代わりに、一緒に訊いていたアシュランの喉が、ヒュッと鳴った。
「それで手はお臍のところなのね」
凛は的外れなことを言い、それからため息をついた。
「わたしを手にかける人も、嫌な思いをするかしら」
皆を心安らかにしたいと思うのに、苦しむ人を増やしている気がする。
昨日のサラの涙は凛の心を癒してくれたが、サラの心は苦しんでいる。
こんなに苦しい思いをして、命を捧げようとしているのに、それでもまだ、アシュランの命もユアナの命も要るという。
たくさんの人の苦しみの上に成り立つ、婚礼の儀。
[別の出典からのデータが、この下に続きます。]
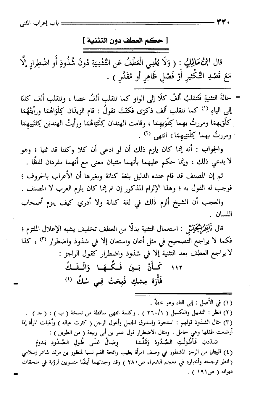 قال ناظر الجيش: استعمال التثنية بدلا من العطف تخفيف يشبه الإعلال الملتزم؛ فكما لا يراجع التصحيح في مثل أعان واستعان إلا في شذوذ واضطرار (¬3)، كذا لا يراجع العطف بعد التثنية إلا في شذوذ واضطرار كقول الراجز: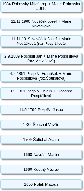 Majitelem tohoto gruntu byl roku 1656 Polák Matouš. V roce 1660 je připomínán Koutný Václav, od roku 1668 Navrátil Martin, od 1709 Šplíchal Adam a od 1732 Šplíchal Vavřinec. Od vrchnosti dům zakoupil 11. 5. 1799 Pospíšil Jakub. Od 9. 9. 1831 se vlastníky domu stali Jakub a Eleonora Pospíšilovi, po kterých se domu 4. 2. 1851 ujali František a Marie Pospíšilovi. 2. 9. 1889 byli vlastníky domu Jan a Marie Pospíšilovi. Svatbou s jejich dcerou Marií Pospíšilovou se do domu přiženil Josef Nováček. Oběma manželům byl dům zaknihován 11. 11. 1919. Manželé Josef a Marie Nováčkovi se majiteli domu stali od 11. 11. 1960. Sňatkem s Marií Nováčkovou se do domu přiženil Miloš Rohovský. Oběma manželům byl dům zaknihován roku 1984 a ve vlastnictví tohoto rodu je doposud.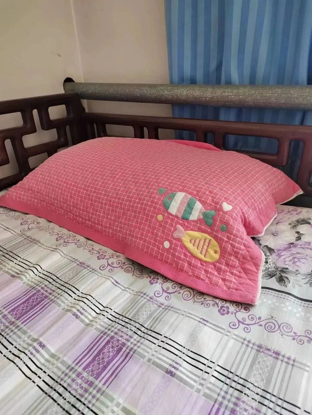 图片金老生前的枕巾,他喜欢鲜艳的颜色,也喜欢带鱼的图案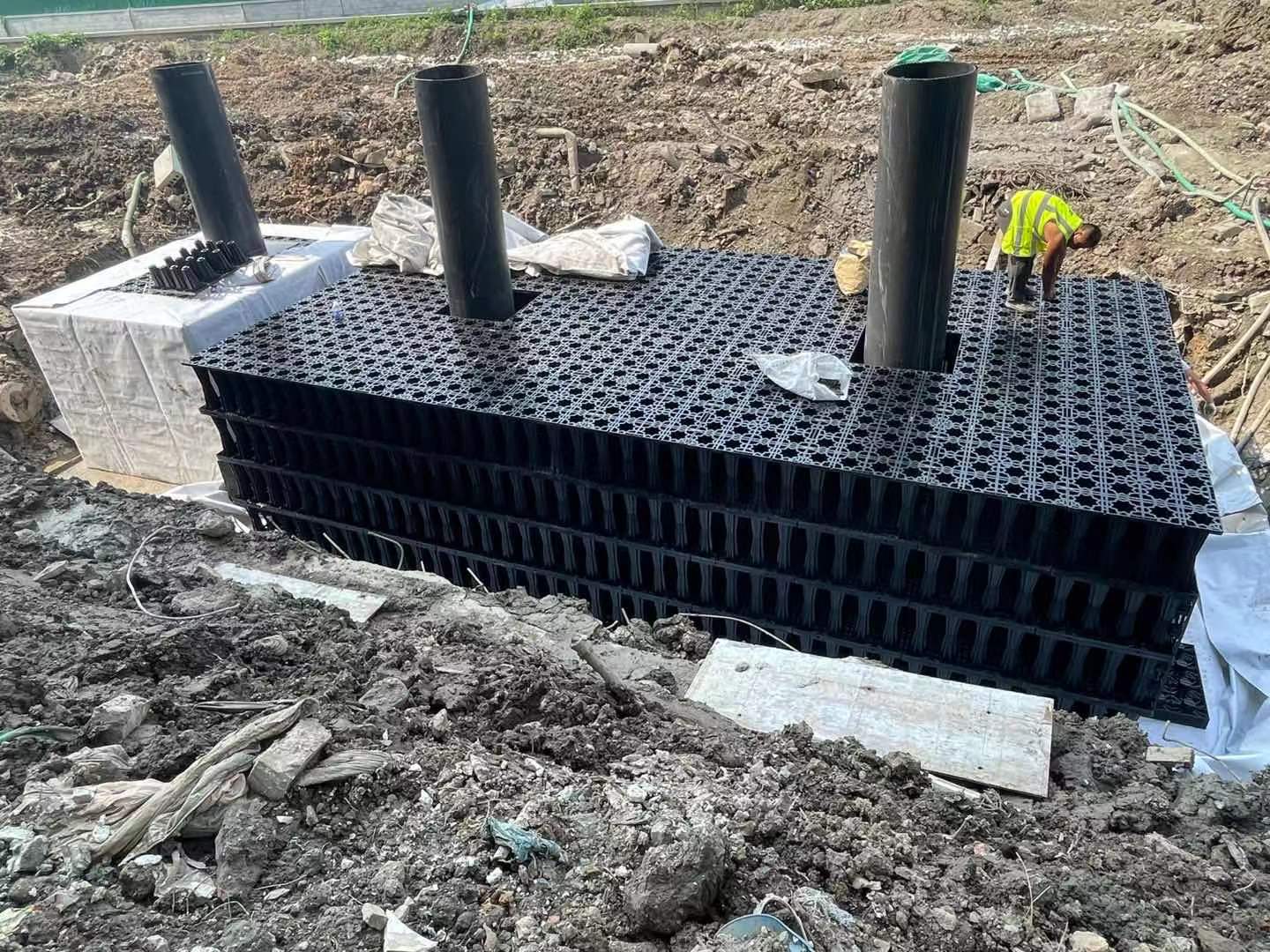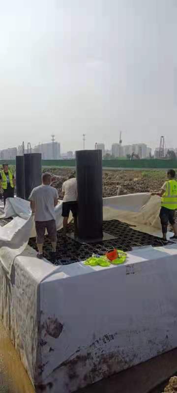 該項(xiàng)目雨水回收系統(tǒng)采用地埋PP模塊組合水池的方式收集雨水,前期經(jīng)過(guò)截污掛籃、棄流過(guò)濾,后期通過(guò)地埋一體機(jī)過(guò)濾,消毒,最終使水質(zhì)達(dá)到規(guī)范標(biāo)準(zhǔn),用于廠區(qū)綠地的澆灑,景觀補(bǔ)水,道路沖洗。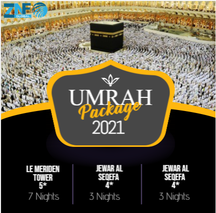 Package includes (Umrah visa, Complete trip Transport by Private cars, Three meals per day for First Three Days Only.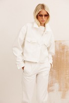 Жакет женский, выполнены из трикотажного полотна велюр с пайетками. Жакет прямой, свободный, укороченный. Горловина V-образной формы. Рукава втачные, длиной до локтя. Жакет на подкладке из сатина. По переду завязки из репсовой ленты на бант.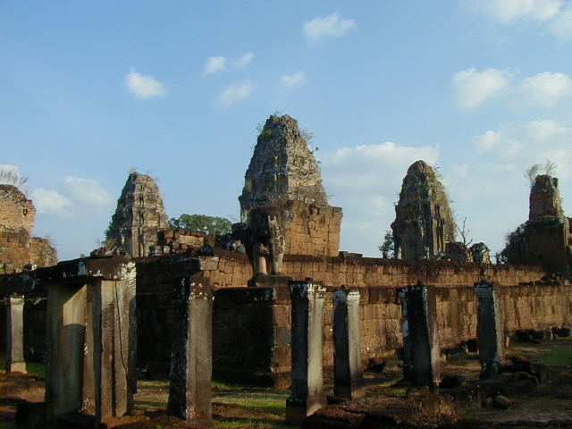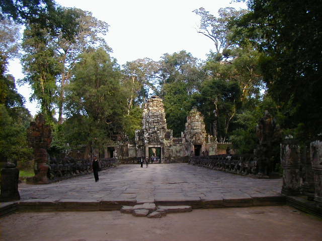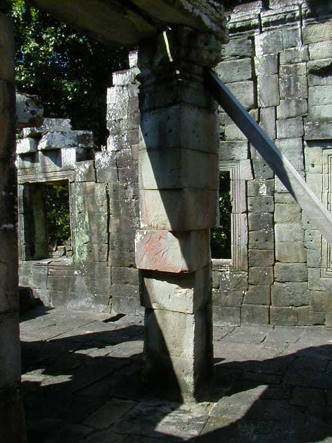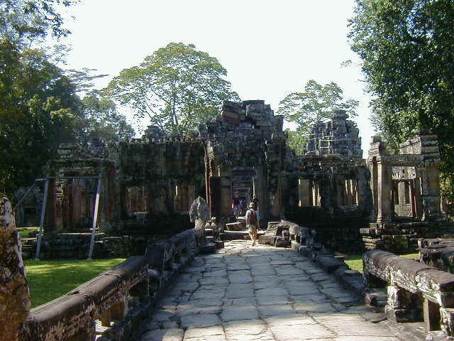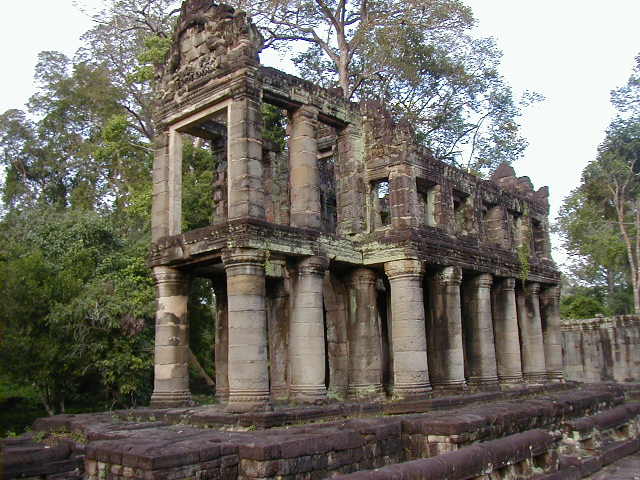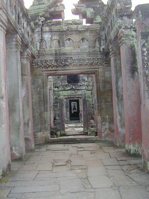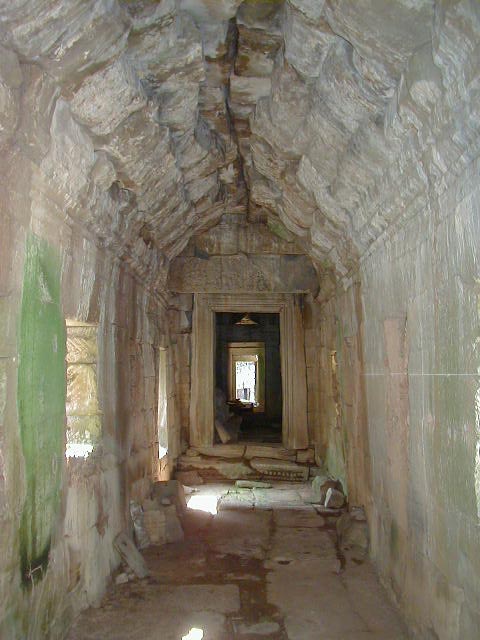 Preah Khan, a huge temple complex, with a building that looks surprisingly like a Greek temple. The last two pictures are of an overgrown side entrance and the hall I had to walk through to reach it. I thought it looked kind of cool.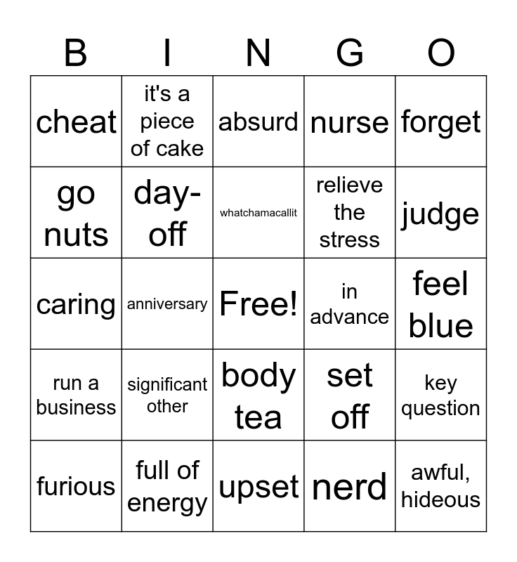 This bingo card has a free space and 24 words: significant other, full of energy, whatchamacallit, furious, forget, cheat, go nuts, it's a piece of cake, in advance, body tea, relieve the stress, caring, set off, key question, day-off, nerd, feel blue, absurd, judge, anniversary, awful, hideous, run a business, nurse and upset.

一体、誰の幸福を呼び込むのだろう。
それでも。
それでも、後戻りすることは出来ない。
わたしは巫女姫を全うしなくてはならない。
「では、最初から」
ユアナに促されて、凛は立ちあがり、最初から舞い始めた。
透明で、凄絶な舞。
振り付けは優雅で、どちらかというと可愛らしいものだが、巫女姫が舞うと、日を追うごとに、それは様相を変えていく。
前任の巫女姫もそうだった。
凛の舞を見ながら、ユアナは自分の舞姫を思い出していた。
可愛らしくあどけない顔の巫女姫が舞うと、その舞は花が咲いたようだったのに、婚礼の儀が近づいてくると、巫女姫は憑りつかれたようになり、その舞は鬼気迫るものになっていった。
伝承役は二度、巫女姫の死を見届けなくてはならない。
自分の巫女姫の死と、婚礼の舞を伝えた巫女姫の死。
死が怖くないかと訊かれたが、二度目の婚礼の儀の後、生きていくことなどできないだろう。
貴方を見送ったら、やっとわたしは悲しむことができる。あの娘の死も、貴方の死も。その悲しみを抱いて、死ぬことができる。
ユアナは凛に気づかれないように、ほほ笑んだ。